DOUGLAS — Anthropologists and history buffs were thrilled Monday to have found behind Pershing Magnet School the leftovers from a Confederate soldier’s dinner and a license plate that fell off a horse.
Researchers from DePaul University and members of the Camp Douglas Restoration Foundation were out Monday where the Civil War prisoner camp Camp Douglas stood more than 150 years ago searching for artifacts for a museum about the prison.
“No one in Chicago even knows about it, even now,” said Phil Grinstead, a member of the foundation who was out helping on the dig.

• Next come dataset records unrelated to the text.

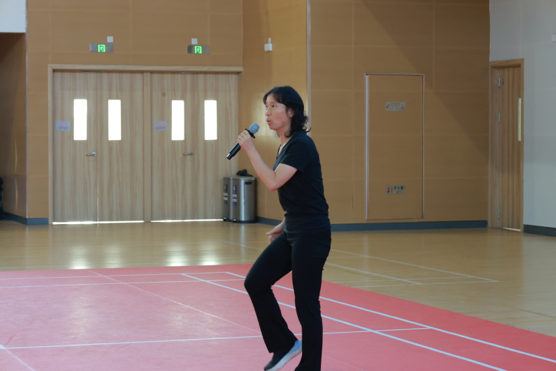 比赛开始前,体育教研室付海峡老师带领全体参赛同学开展健美操步伐热身练习,现场欢声笑语不断、氛围热烈,赛场瞬间洋溢着轻松愉悦气息。
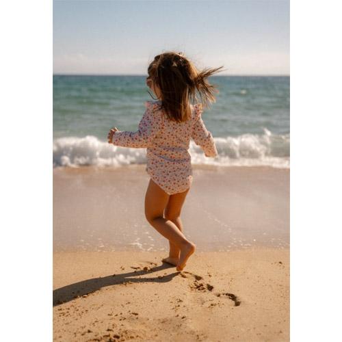 The charming ruffles along the waist dance along with every move your little one makes while playing in the water.
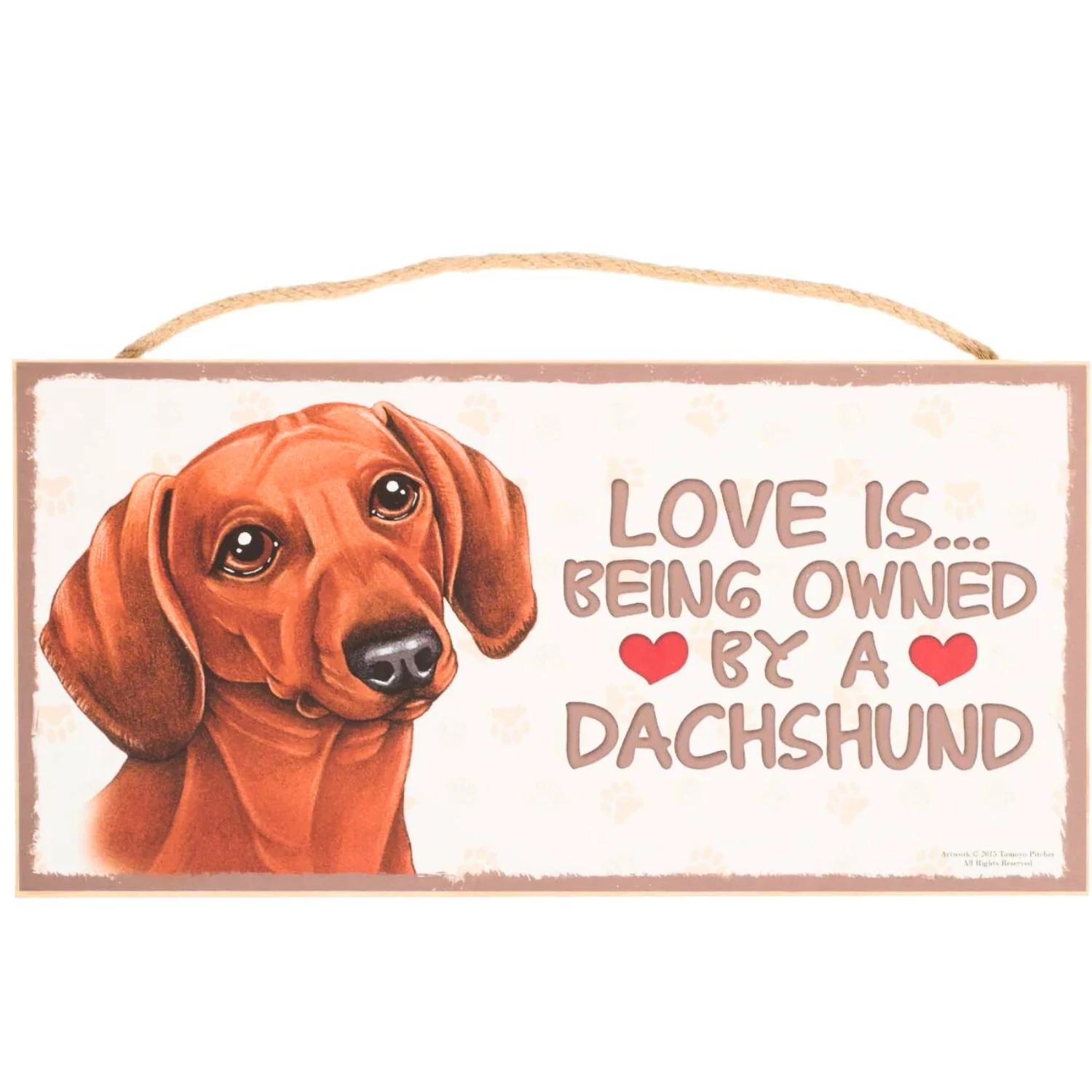 Prémium fa tábla, barna tacskó mintás
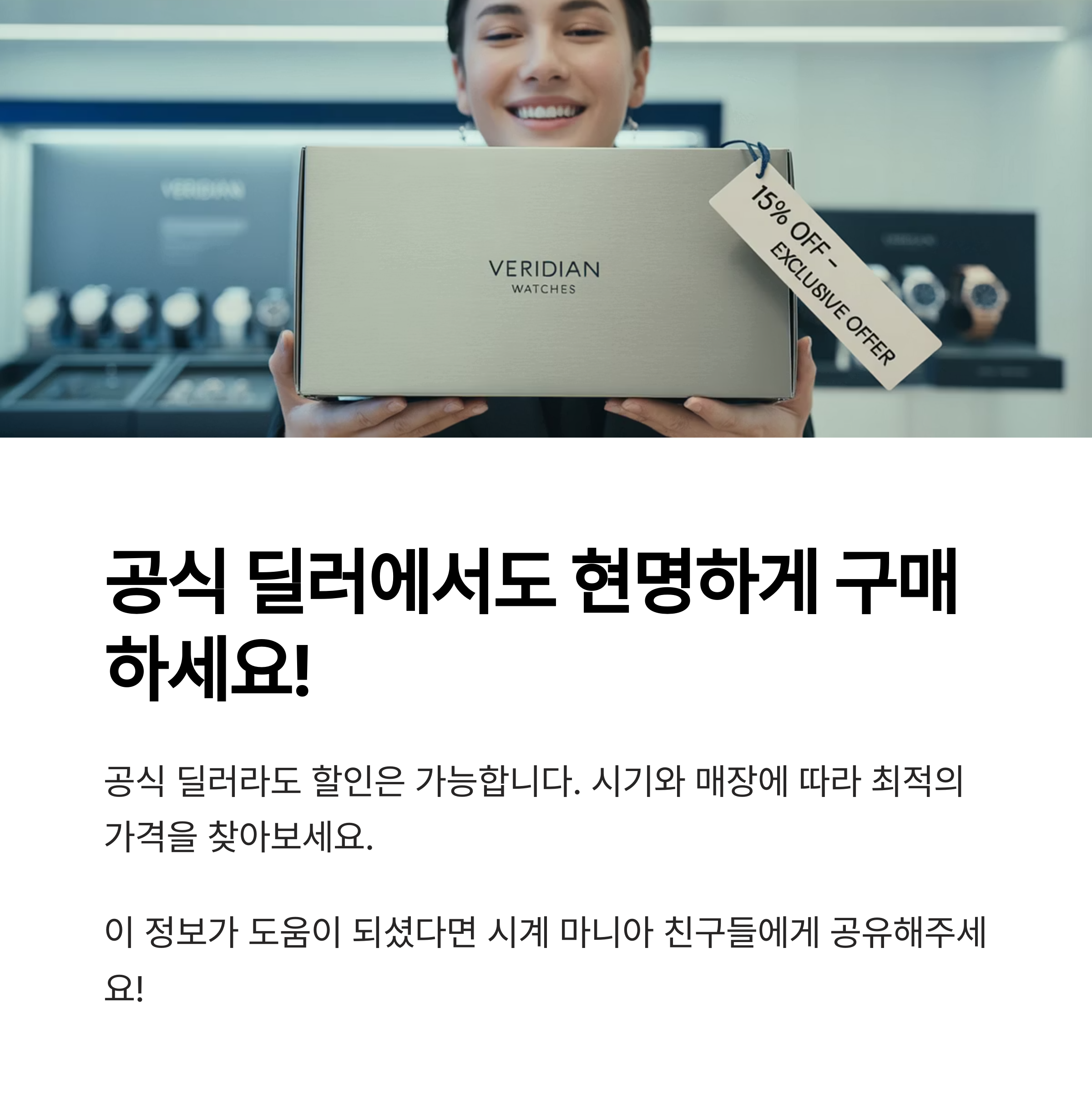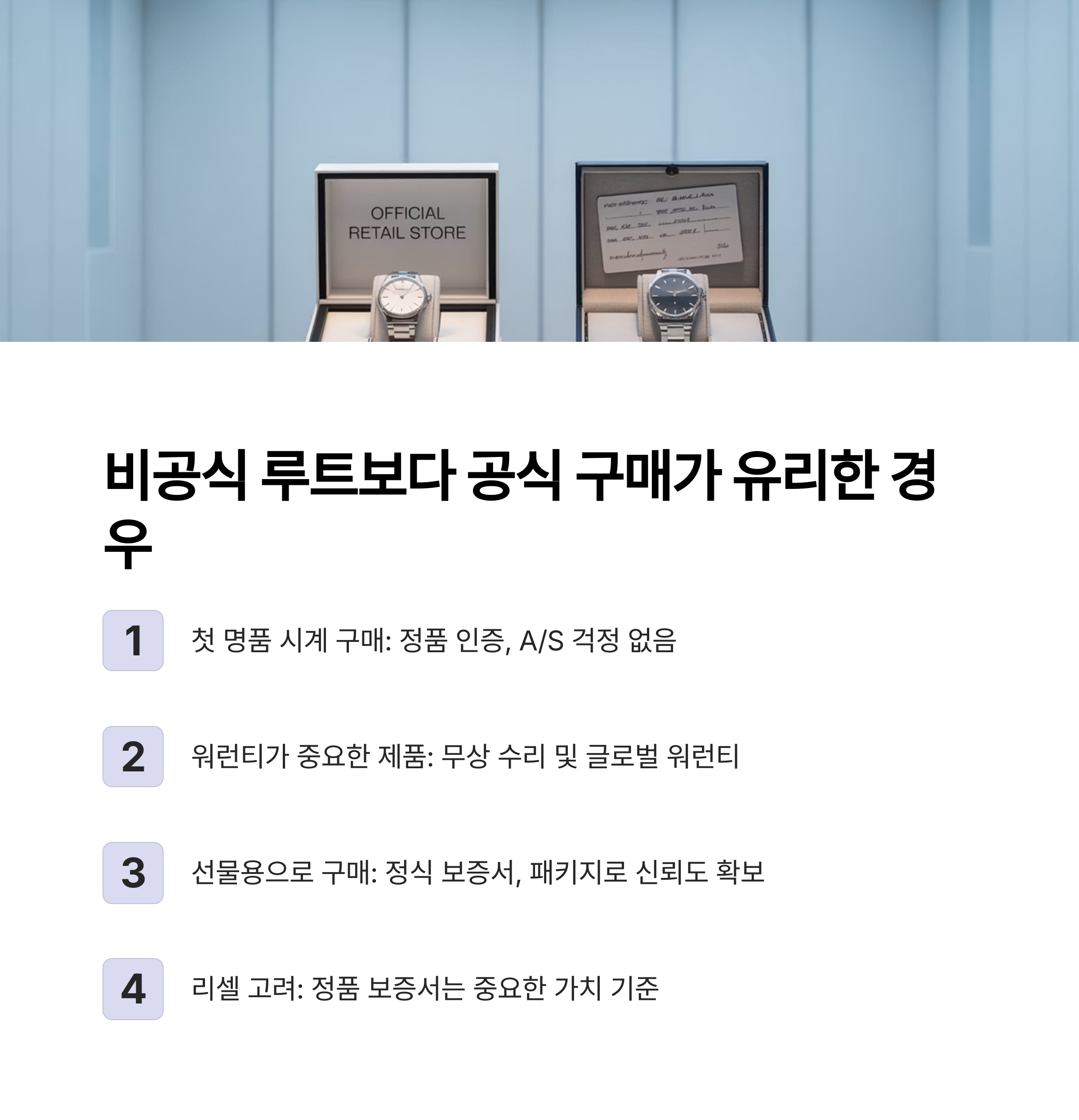 | 첫 명품 시계 구매 시 | 정품 인증, A/S 걱정 없음 |
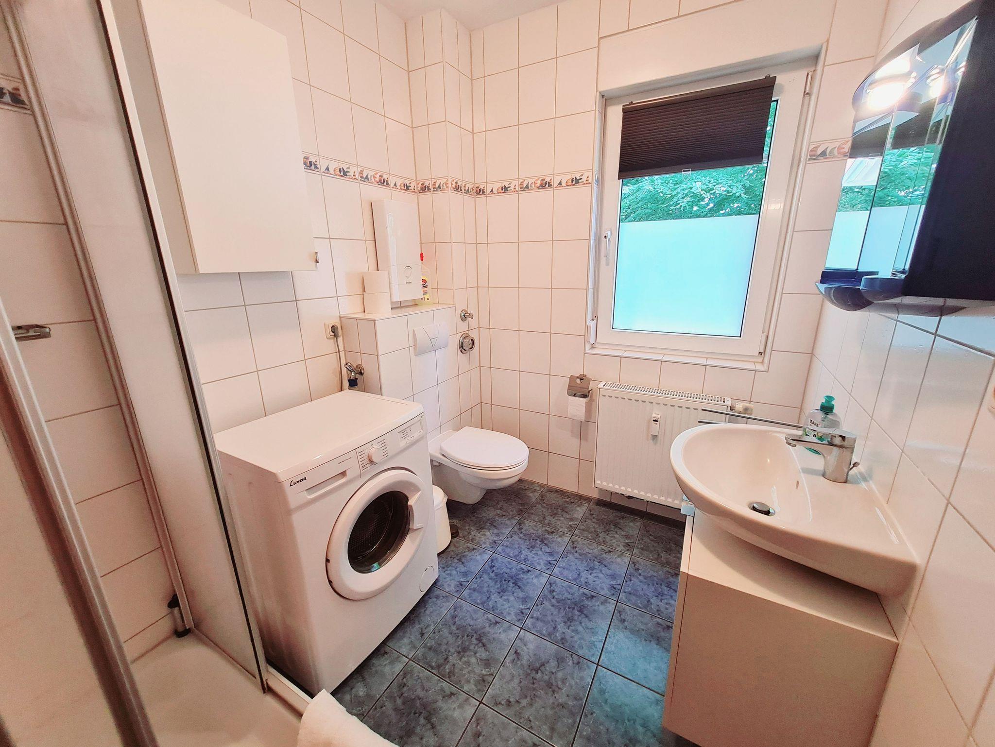 • Bad: Dusche, Waschbecken, Toilette, Spiegelschrank, Regal, Waschmaschine

But the Civil War-era camp still has some secrets lurking nearly two feet below the grass in parts of Douglas.
Since excavation started Wednesday, Michael Gregory, an anthropology professor from DePaul University, and his team have found buttons off of a Union Soldier’s jacket, clay pipes and ink bottles leftover from the camp. Along the way they’ve also found more recent artifacts of the neighborhood that was built on top of the camp, including a license plate that would have hung around a horse’s neck from 1908 and fragments of jewelry and buttons.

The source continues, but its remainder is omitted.